Synopses & Reviews
It is just a few weeks after Christmas, and the unforgiving New England weather has taken a turn for the worse. Doyle has dragged his reluctant sons, Tip and Teddy, to a speech by Jesse Jackson. Though his own political career is over, dealt a fatal blow by a family scandal, Doyle is still fired by Jackson’s rhetoric and perplexed by his sons’ indifference.
The two boys, both adopted, are close enough in age to be taken for twins, but in character they couldn’t be more different. Teddy, open, affectionate, the gentle dreamer, thinks he has found his calling in the Catholic Church. The elder by a year, Tip is more serious, reserving his own passionate interest for ichthyology: he is happiest alone in the warmth of his lab, labelling and categorising fish specimens.
When they are involved in a violent accident on a treacherously icy road, the Doyles are forced for the first time to confront certain truths: about how the death of Bernadette, Doyle’s beloved wife, has affected the family, and about the anonymous figure, never discussed, who is the boys’ real mother.

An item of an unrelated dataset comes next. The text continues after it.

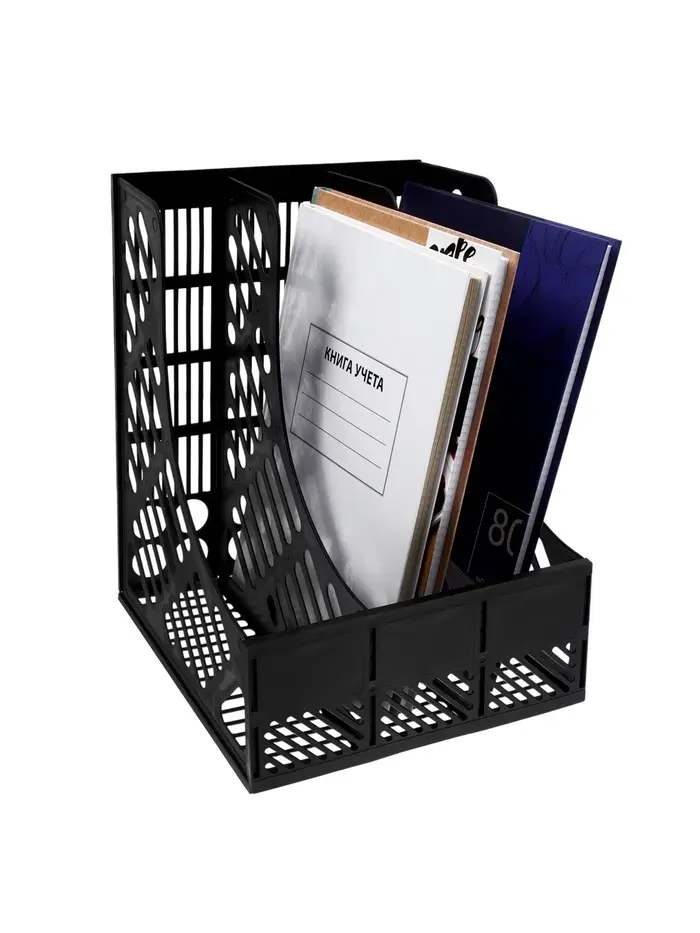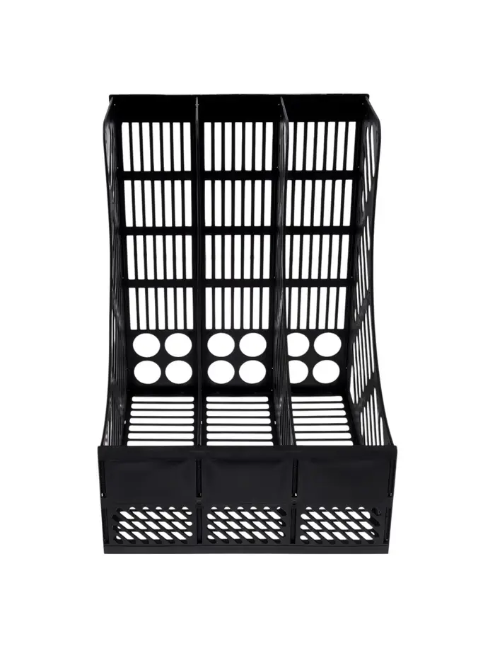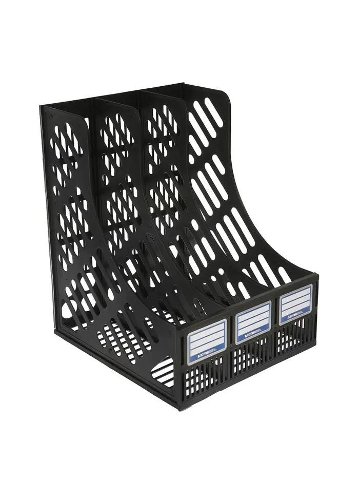 Этот трёхсекционный лоток для документов создан для поддержания порядка на рабочем столе. Его вертикальная конструкция экономит пространство, а разборная модульная система даёт гибкость в организации входящих, исходящих и текущих бумаг формата А4.

Full of warmth and humanity and singing, graceful prose, Run is a moving story about our fragile hopes and fears for our children and the lengths we will go to to protect our families. It is a stunning new novel from the prizewinning author of Bel Canto.
Review
"[L]uminous....In extraordinarily fluid prose, Patchett unfolds this story to its epiloguelike final chapter as she illuminates issues of race, religion, duty, and desire." Booklist (Starred Review)
Review
"Patchett's efforts to depict the triumph of family in a dysfunctional world carry all the emotional heft of a Lifetime TV movie. This is fiction for people who live with their blinders on." The Philadelphia Inquirer
Review
"What felt effortless in Bel Canto...is schematic and all too precious in Run....It's easy to become sarcastic about Run, which is a shame, because it's filled with lovely intentions and a few truly moving passages." USA Today
Reading Group Guide
Questions for Discussion
1. How would you characterize Teddy and Tip's relationship as siblings? How does it compare to their relationship with their brother, Sullivan?
2. At the Jesse Jackson lecture, Doyle reviews the personalities of his three sons and thinks about which of them would be most able to lead. Which of the boys do you think would make the best politician? Do you think Doyle's assessments of their characters are accurate or biased?
3. Discuss the concept of nature versus nurture. Do you think that Sullivan, Tip, and Teddy are who they are, or would they have turned out differently had Bernadette lived? How would those differences manifest themselves?
4. Discuss the different meanings of the title. How many different ways does the word Run work for you?
5. Run includes several incidences of doubling—two brothers who get adopted, two mothers who die, two men named Sullivan, two Tennessee Alice Mosers, two accidents involving hospital stays. What is the effect for you as a reader of seeing similar characters and events repeated over the course of the book? Can you think of any other examples of doubling in literature?
6. Why is Kenya the one subject that Sullivan and his father can agree on? How does her adoption into the family help Teddy and Tip understand Sullivan and what he went through growing up?
7. Towards the end of the story we see images of four mothers (including the Virgin Mary) on Kenya's dresser. What is the author saying about women and mothers to have them all there together?
8. Why does Kenya's mother conceal her true identity from her daughter? Do you think that she imagines the conversation in the hospital with Tennessee Alice Moser after surgery or do you think it really happened?
9. What does Father Sullivan's encounter with Tennessee in the hospital suggest about his ability to heal?
10. Doyle is very invested in politics on both local and national levels, but he falters at the idea of taking home a stray child. What does this book say to you about social responsibility?
11. Of the many characters in Run, which did you feel most connected to on an emotional level? How do you explain that connection?
12. How did you react to Bernard Doyle's decision to bestow the heirloom statue on Kenya, a daughter who has literally shared nothing with his former wife, Bernadette? Do you think he made the same decision his wife would have made?